Our trip took us through strange terrain, a kind of Turkish Badlands full of sandy mesas and huge desolate valleys. We passed through a few cities and towns, but generally the landscape was barren of people - after the congestion of Ankara it was nice to see just open space. The area we were headed to is an agricultural area, and we saw sheepherders and their flocks, and fields that still retained miles of raised concrete culverts that brought necessary water. The only other people were very small pockets of field workers, and it looked like slow, backbreaking work.

Before entering the town of Beypazari, we traveled through a narrow gully that was hemmed in by two-hundred yard walls on each side. Dug into the walls were the remains of caves that had been used as living quarters in the very distant past. We also visited a sparkling mineral water bottling plant, complete with free samples (the buying began immediately - my fellow passengers bought about 20 cases of the water, and quickly stowed it under the bus, where I imagine it would get quite shaken up as we drove on the rest of the day).

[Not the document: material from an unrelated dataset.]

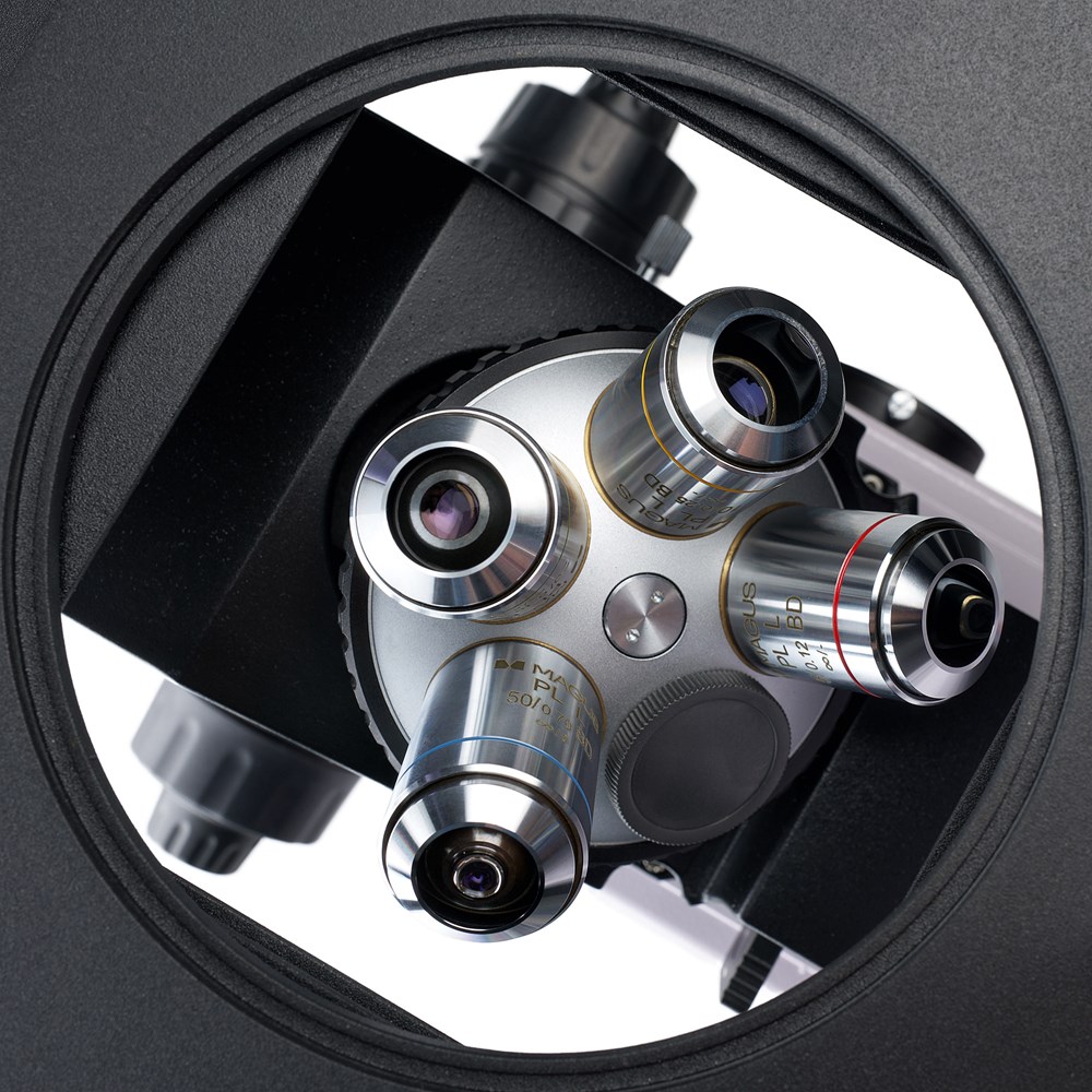 Микроскоп предназначается для изучения микроструктуры металлов и сплавов, полупроводниковых материалов и других непрозрачных объектов. Инвертированная конструкция микроскопа не ограничивает геометрию объекта исследования, а только ограничивает его массу – до 2 кг. Одна грань образца подвергается специальной обработке и образец устанавливается на столик вниз этой поверхностью. На этом микроскопе непрозрачные объекты исследуются в отраженном свете по методу светлого поля, темного поля и простой поляризации. Два независимых канала визуализации предусматривают одновременное подключение монитора и камеры. Микроскоп используется на предприятиях металлургической, машиностроительной, аэрокосмической, атомной и энергетической промышленности, в научно-исследовательских лабораториях и технических вузах. Цифровая камера MAGUS CHD40 – цифровая HDMI-камера с тремя видеоинтерфейсами и автоматическим переключением между 4K и Full HD в зависимости от разрешения монитора. Камера оснащена сенсором 8 Мпикс и формирует реалистичное изображение в разрешении 4К (3840x2160 пикс) при подключении через интерфейс HDMI или USB 3.0. При подключении через Wi-Fi разрешение изображения Full HD (1920x1080 пикс). Камера использует интерфейс HDMI для прямого подключения к телевизору, монитору или проектору. В этом режиме камера работает автономно, без компьютера. HDMI-подключение обеспечивает высокую и стабильную скорость передачи информации от камеры к внешнему экрану. Подключение к компьютеру осуществляется через сеть Wi-Fi и USB 3.0. Видеозапись ведется с частотой 30 кадров в секунду. Камера сочетает в себе большое значение FPS и высокую пропускную способность интерфейса HDMI, поэтому видео ощущаются «живыми», нет зависаний и разрывов между кадрами. На максимальном разрешении изображение информативно, движущиеся объекты видны без шлейфов, передвижение объекта отображается без задержек. Монитор Монитор MAGUS MCD40 предназначен для создания системы визуализации микроскопа MAGUS . Он подключается к установленной на микроскоп камере и выводит изображение в реальном времени. Поддерживаются HDMI-камеры MAGUS, работающие в разрешении 4К. Диагональ экрана – 13,3 дюйма. Матрица IPS обеспечивает яркую картинку с широкими углами обзора: если смотреть на монитор под углом, цветопередача не искажается. Монитор устанавливается на стол или полку на откидную подставку или крепится напрямую к камере или к штативу. Визуальная насадка Оптическая длина тубуса – бесконечность. Во время сборки микроскопа пользователь разворачивает тубусы насадки на 180° и выбирает высоту выноса зрачка в соответствии с собственным ростом. Визуальная насадка тринокулярная. Монитор устанавливается в вертикальный тубус визуальной насадки, а цифровая камера в боковой канал визуализации на корпусе микроскопа. Световой поток на тринокулярной насадке переключается 50/50 (канал визуализации открыт) или 100/0 (канал визуализации закрыт), на корпусе – 100/0 или 0/100. Револьверное устройство Револьвер на 5 объективов установлен на штатив под столиком. Свободное отверстие служит для настройки положения лампы осветителя отраженного света. Также в свободное гнездо револьвера можно установить дополнительный объектив, который позволит получить еще одно увеличение. Объективы Объективы-планахроматы на бесконечность с увеличенным рабочим р

Then it was onto to Beypazari itself, which reatins about 300 of the Ottoman houses that used to exist in parts of Turkey. These are not all concrete or adobe, but have wood frames, and each story is a little larger than the preceeding one. They kind of have the look of a Swiss chalet. The bottom floor was for the livestock, etc., and was made of stone, and the second and third (and fourth sometimes) were were the living and sleeping took place. We went inside one, converted into a museum, and it had a nice wood interior (though the woodwork didn't compare to old Norwegian homes I've seen). One interesting facet was the ornate cupboard toilet, which allowed one to stay in their living room and take care of business rather than go outside.

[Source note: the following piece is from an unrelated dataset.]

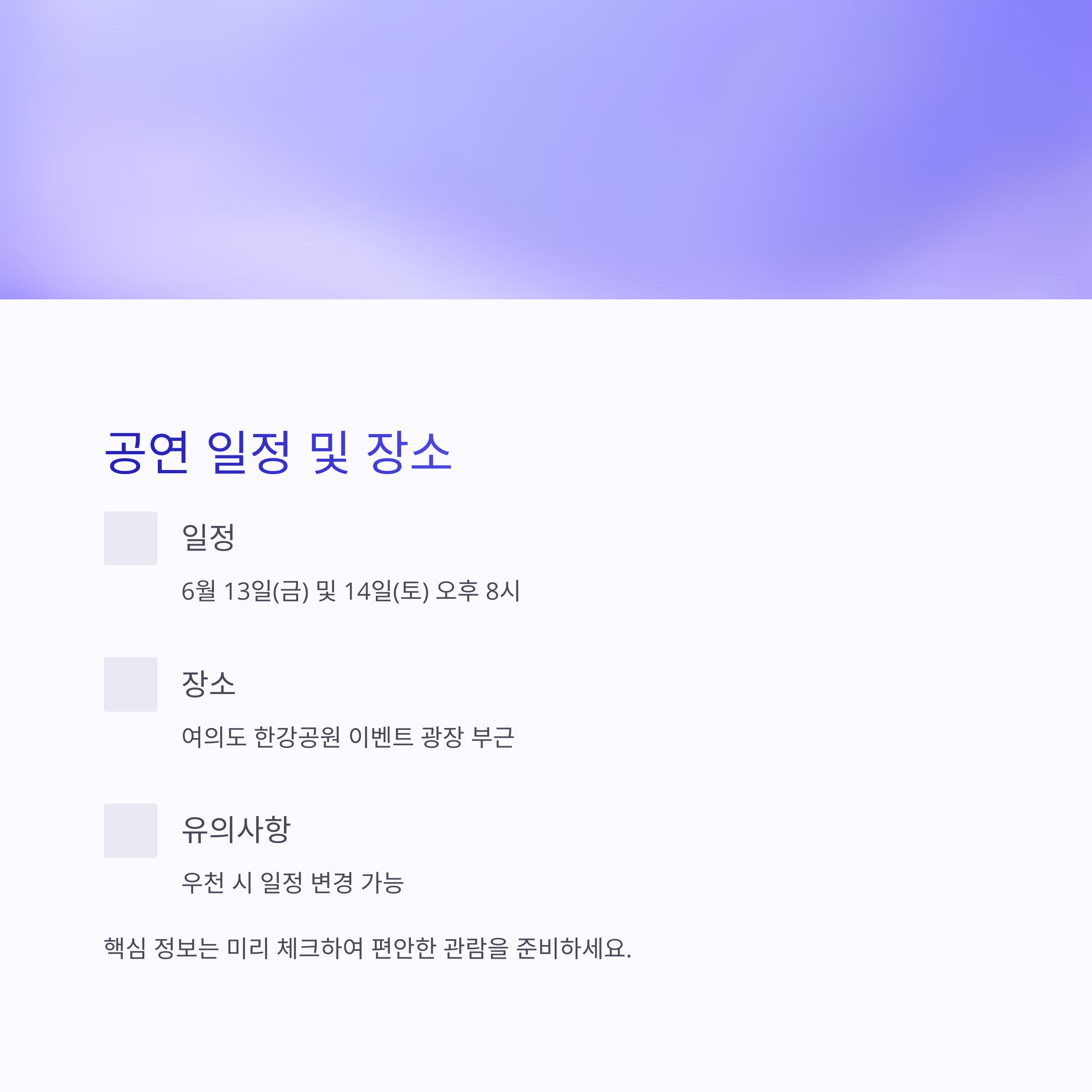 공연 일정 및 장소, 미리 확인하세요

As we walked, we saw some of the local products - homemade noodles (hard) sold in large bags, crispy rolls (but when fresh out of the oven, as they were from some shops), and a type of candied carrot/Turkish delight, that is very tasty (I bought some rolled around walnuts for home).

We had a nice lunch in another converted home; the place we went is known for their sarma, which is a bit of rice and beef rolled very tightly in grape leaves. At lunch I sat with the Cincinnati couple, and another couple WHO HAD LIVED ON THE SAME STREET AS US IN ALBANY! Talk about a small world. Keren (the husband) is Turkish, and had worked for the New York State School Board's Association as a researcher; his wife Gloria was originally from Guatamala. They have lived in other countries as well, including a long stint in Saudi Arabia, and have now retired to a little community just outside one of the University gates. We have plans to meet this Saturday (Silvia and the kids can practice their Spanish), and we can talk about how this world may be too small.

After lunch, it was on to a jewelry area, with many small shops selling filigree (sp?) silver. There was one beautiful box, with the finest spirals of silver making up designs, about the size of my hand. I asked how much, and the proprietor weighed it to determine the price (it is silver, after all). It was about $200 U.S. dollars (and probably well worth it). Everywhere we went, they weighed the items to determine the prices (the craftsmanship must be factored in somehow). We also were invited in to see three men in a back room making jewelry. They had tiny torches and tools, and worked on small stone slabs.

After an hour of "shopping," we went to see some different crafts being made. First we went into a textile factory, which consisted of about 10 sewing machines and weaving machines apparatus, where women were working making small handbags and linen cloths. In the same building there were large looms where carpets were being made by hand. On the floor below, there were several tables of jewelry craftsmen/women, and there I found the cheapest silver goods (and of course bought some - I got Elli Sol and Mara fine-spun silver lockets and silver chains for about $5 each. Next door we were shown how the textiles were dyed (with colors made from various plants and flowers).

The day ended with some free-time in the town, and then a ride home in the dark (Elli Sol slept, and then said "That was quick," not believing she slept). Back to the highway underpass, 20 women unloaded bags of items and cases of mineral water, and then back to the university, where Elli Sol and I took two dolmuses to get home. A great day, and I hope to take advantage of the university service to see more of Turkey.